Work to complete:
Return all the data verbatim but without images.

Input data:

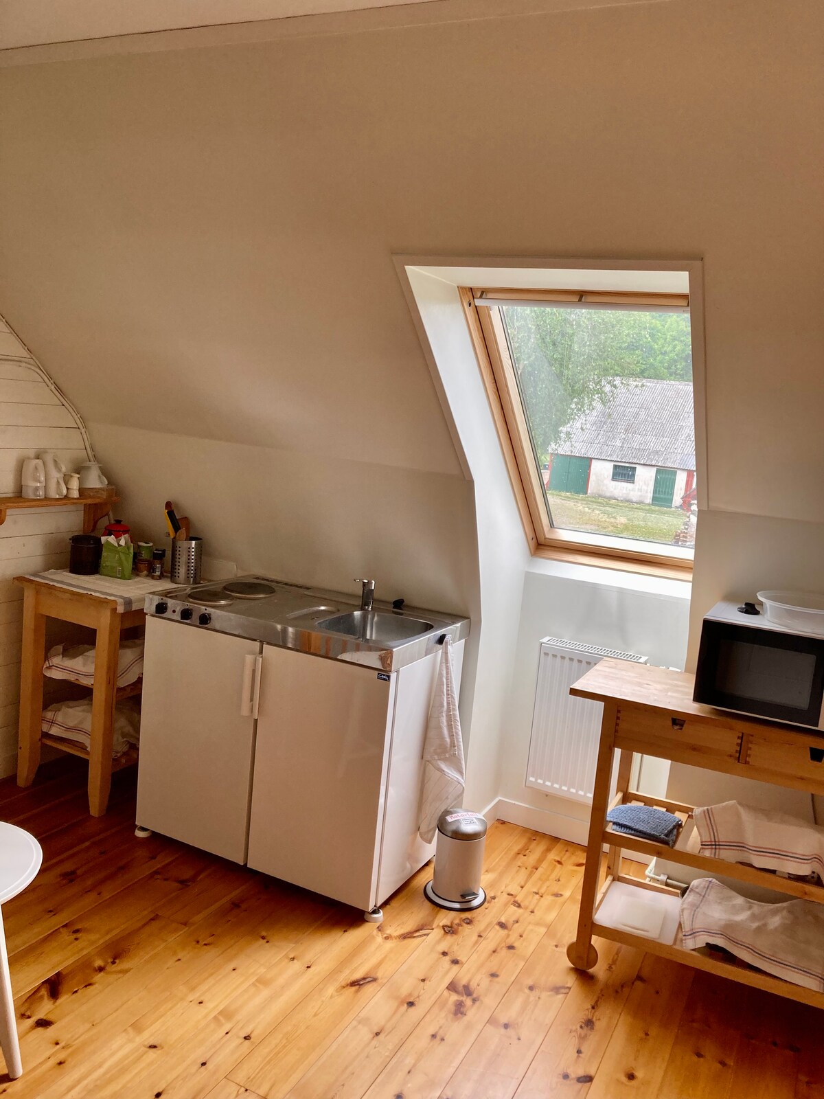 Al final de un camino de grava sinuoso se encuentra este alojamiento. Es una granja con una casa de campo. La naturaleza está a la vuelta de la esquina y hay muchos paseos maravillosos cerca. El alojamiento tiene una cocina con dos placas y un frigorífico con un pequeño congelador. También hay microondas, hervidor de agua y cafetera. Hay una cuna disponible y también bicicletas para alquilar. El apartamento está en el segundo piso de una casa y las escaleras son estrechas y un poco empinadas. Si tiene alguna petición, ¡pregunte y lo resolveremos!
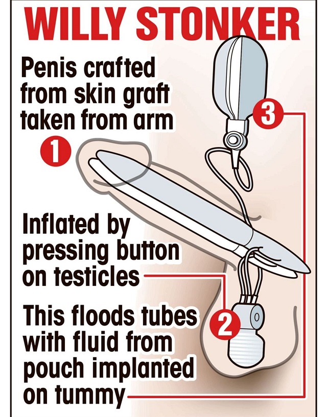 Et pour ceux qui se demandent comment fonctionne un pénis bionique, celui-ci se gonfle grâce à un bouton situé au niveau des testicules. Le schéma (en anglais) ci-dessous montre « la marche à suivre ».
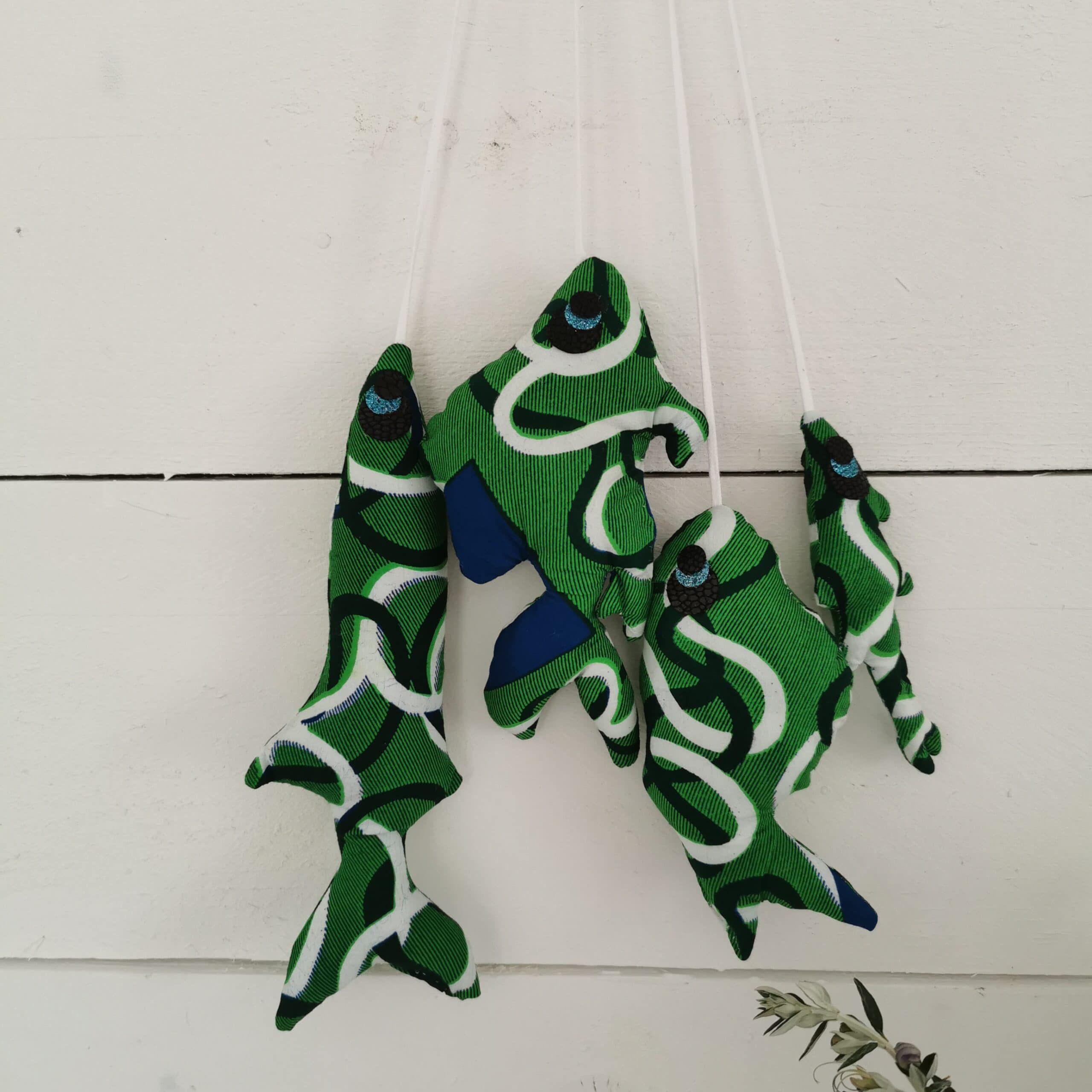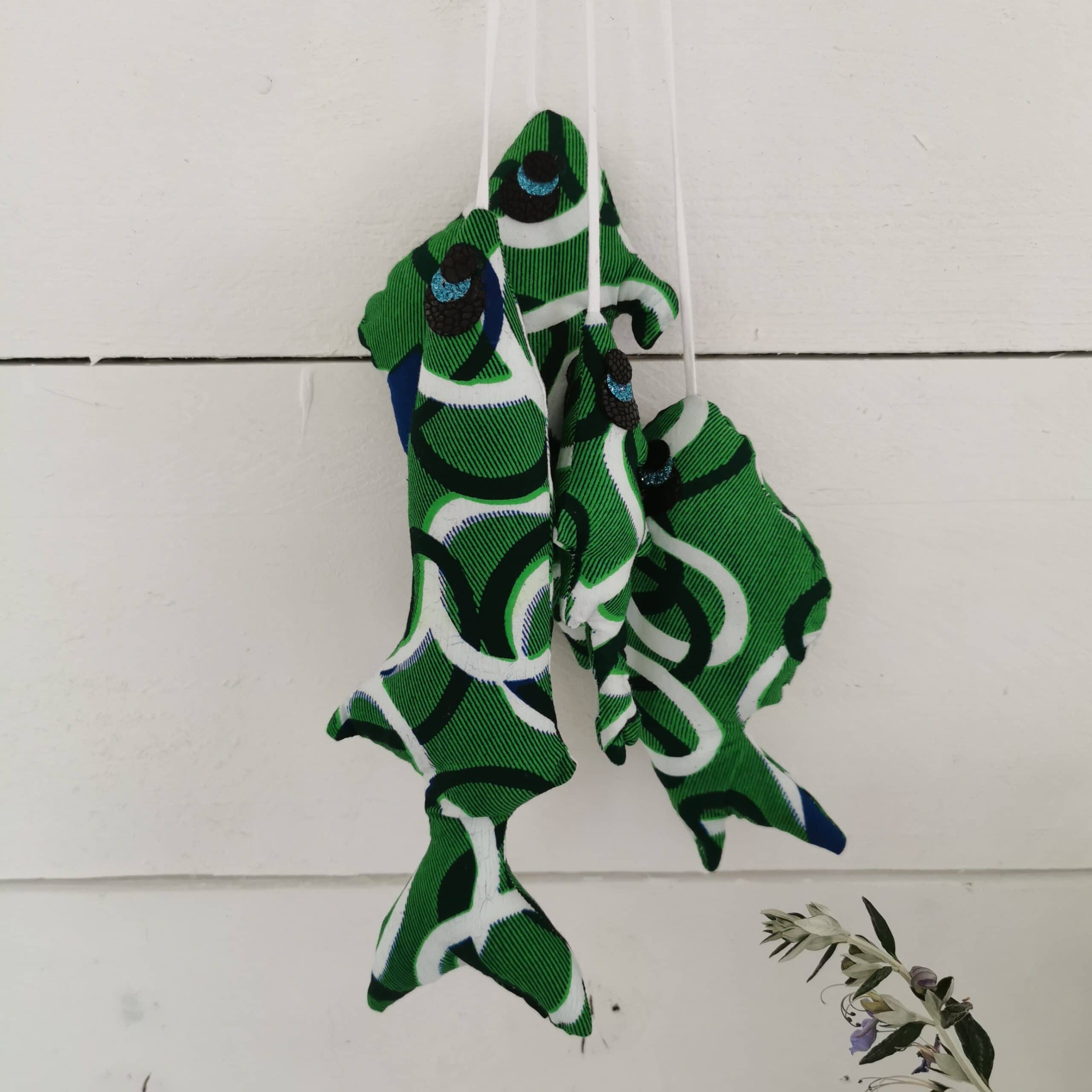Poissons reliés par passementerie en coton
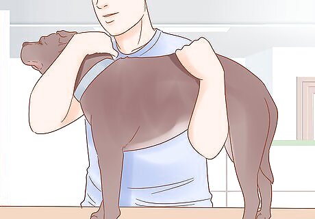 Restrain your pet. This can be done in a variety of ways and depending on the size of your pet, you may need another set of hands. Start by cornering in its hind legs. Your pet will most likely try to back out of whatever situation they are in. If they cannot, they’ll be easier to contain. Hold its head with one hand and have the other prepared to administer the medicine. If you are using an oral medication, place your pointer finger and thumb on either side of your pet's mouth and tilt its head backwards. This is the most effective way to get your pet’s mouth open to receive the medication.
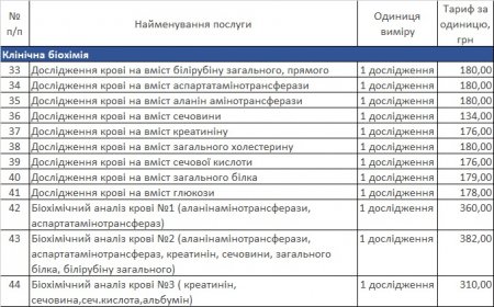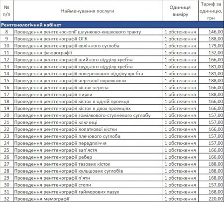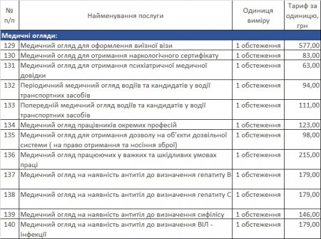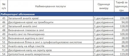 Тарифи на платні послуги, які надаються КНП "Тячівська КП"
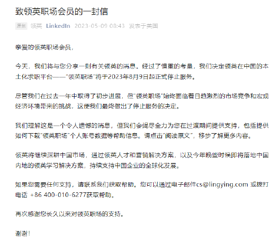 尽管我们在过去一年中取得了初步进展,但“领英职场”始终面临着日趋激烈的市场竞争和宏观经济环境带来的挑战,这使我们最终做出了停止服务的决定。
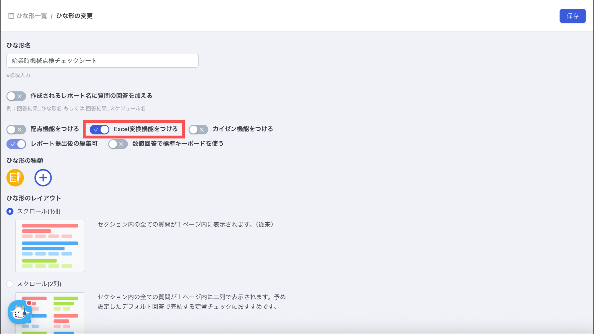 Excel変換フローでレポート提出時に出力する設定を行う
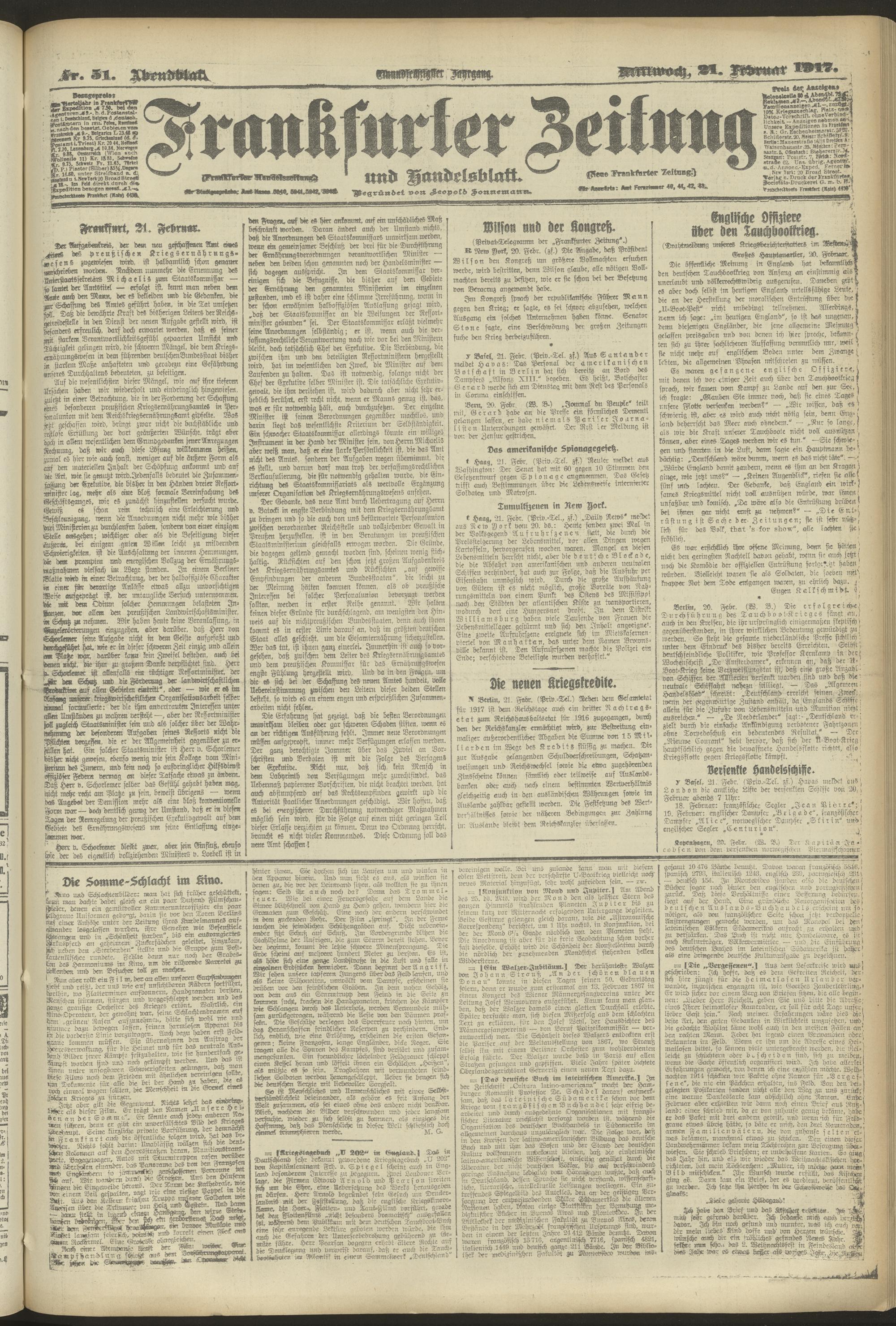 21.02.1917 = Nr. 51. Abendblatt
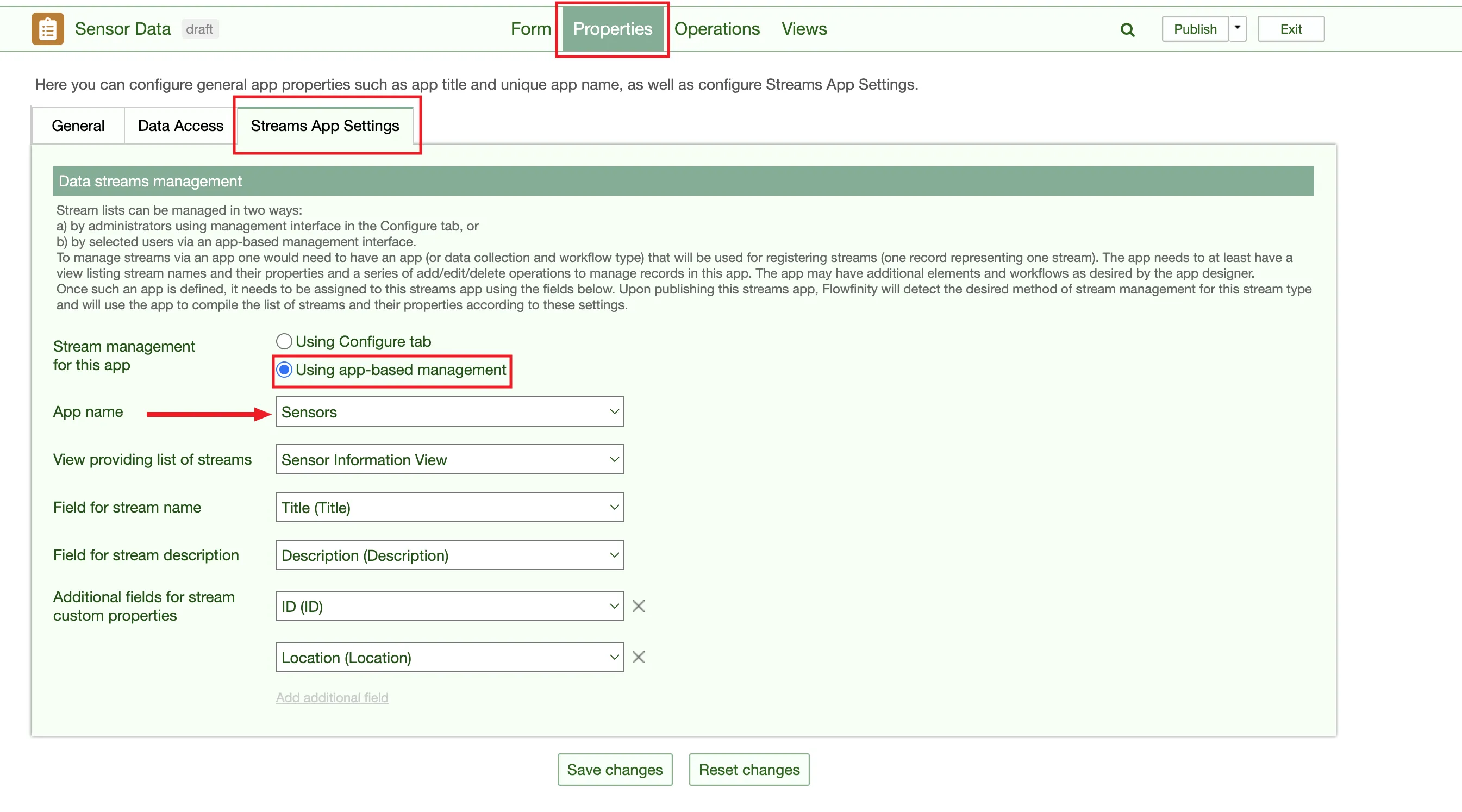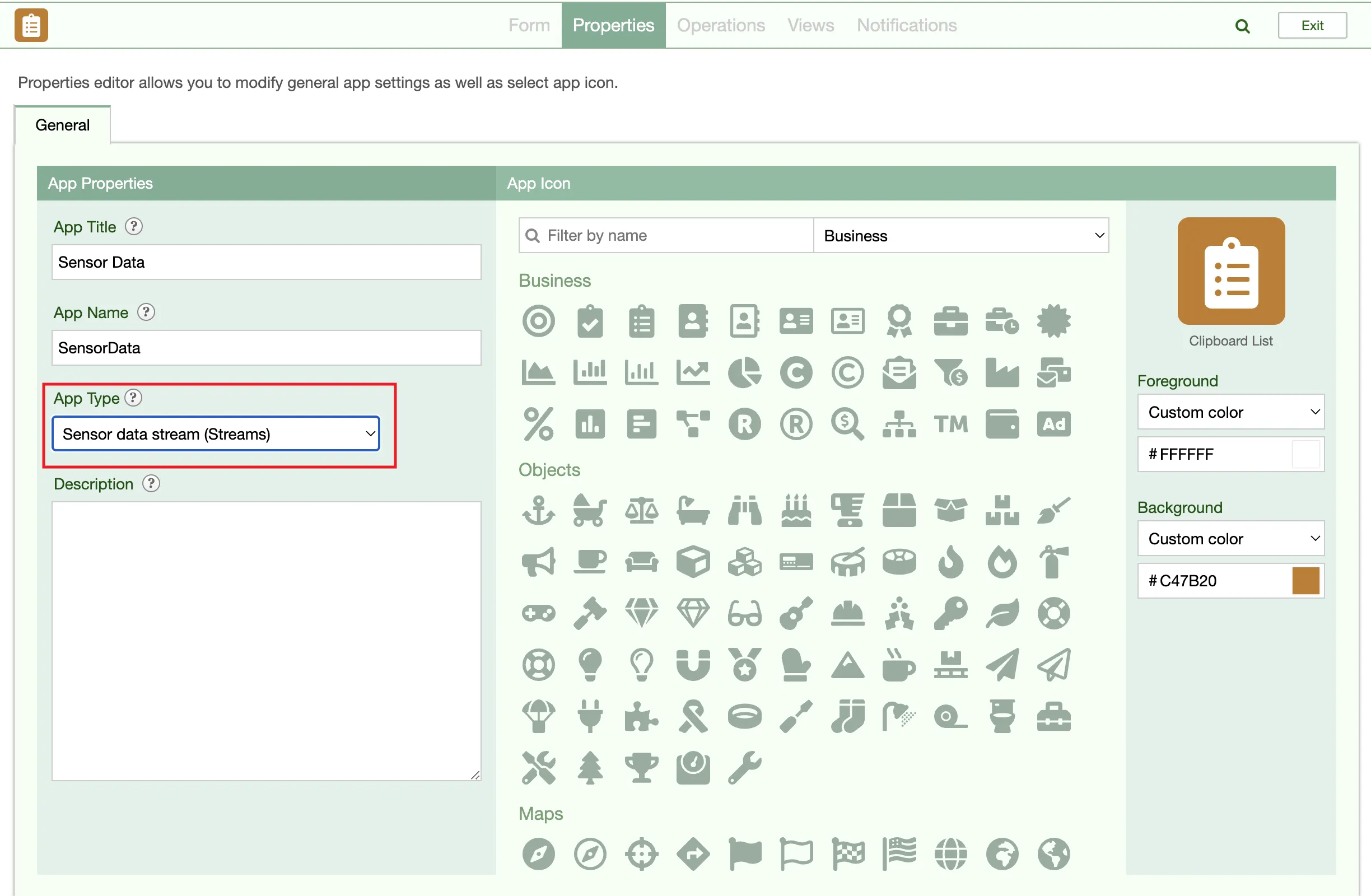 *Note: We will use records in the 'Sensors' app we just created as the definition for data streams from the 'Sensor Data' app. - Click 'Next' to create the app and then navigate to the 'Properties' tab again. Click on the 'Streams App Settings' section.
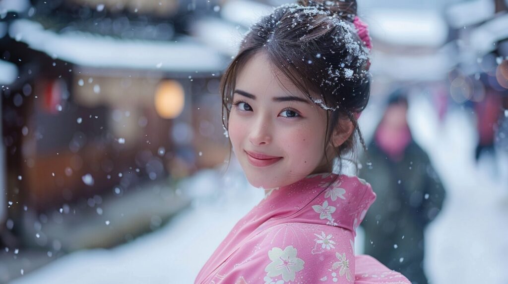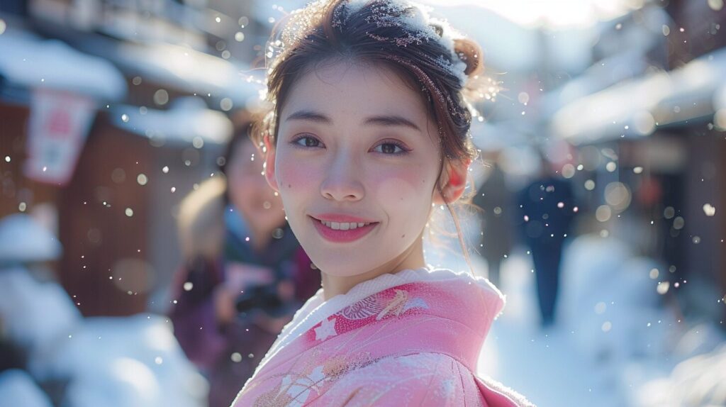 使用したプロンプトはこちら▼ <prompt> In 2024, a beautiful 20-year-old woman stands in the winter snowscape of Japan's Shirakawa-go, wearing a pink kimono and smiling radiantly at the camera. The soft natural and delicate soft lights illuminate her face, with two passersby in the background smiling at her, street photography, Canon R5, Canon AF-S 85mm f/1.2 --ar 16:9 --style raw --stylize 200

Output:
 Al final de un camino de grava sinuoso se encuentra este alojamiento. Es una granja con una casa de campo. La naturaleza está a la vuelta de la esquina y hay muchos paseos maravillosos cerca. El alojamiento tiene una cocina con dos placas y un frigorífico con un pequeño congelador. También hay microondas, hervidor de agua y cafetera. Hay una cuna disponible y también bicicletas para alquilar. El apartamento está en el segundo piso de una casa y las escaleras son estrechas y un poco empinadas. Si tiene alguna petición, ¡pregunte y lo resolveremos!
 Et pour ceux qui se demandent comment fonctionne un pénis bionique, celui-ci se gonfle grâce à un bouton situé au niveau des testicules. Le schéma (en anglais) ci-dessous montre « la marche à suivre ».
Poissons reliés par passementerie en coton
 Restrain your pet. This can be done in a variety of ways and depending on the size of your pet, you may need another set of hands. Start by cornering in its hind legs. Your pet will most likely try to back out of whatever situation they are in. If they cannot, they’ll be easier to contain. Hold its head with one hand and have the other prepared to administer the medicine. If you are using an oral medication, place your pointer finger and thumb on either side of your pet's mouth and tilt its head backwards. This is the most effective way to get your pet’s mouth open to receive the medication.
 Тарифи на платні послуги, які надаються КНП "Тячівська КП"
 尽管我们在过去一年中取得了初步进展,但“领英职场”始终面临着日趋激烈的市场竞争和宏观经济环境带来的挑战,这使我们最终做出了停止服务的决定。
 Excel変換フローでレポート提出時に出力する設定を行う
 21.02.1917 = Nr. 51. Abendblatt
 *Note: We will use records in the 'Sensors' app we just created as the definition for data streams from the 'Sensor Data' app. - Click 'Next' to create the app and then navigate to the 'Properties' tab again. Click on the 'Streams App Settings' section.
 使用したプロンプトはこちら▼ <prompt> In 2024, a beautiful 20-year-old woman stands in the winter snowscape of Japan's Shirakawa-go, wearing a pink kimono and smiling radiantly at the camera. The soft natural and delicate soft lights illuminate her face, with two passersby in the background smiling at her, street photography, Canon R5, Canon AF-S 85mm f/1.2 --ar 16:9 --style raw --stylize 200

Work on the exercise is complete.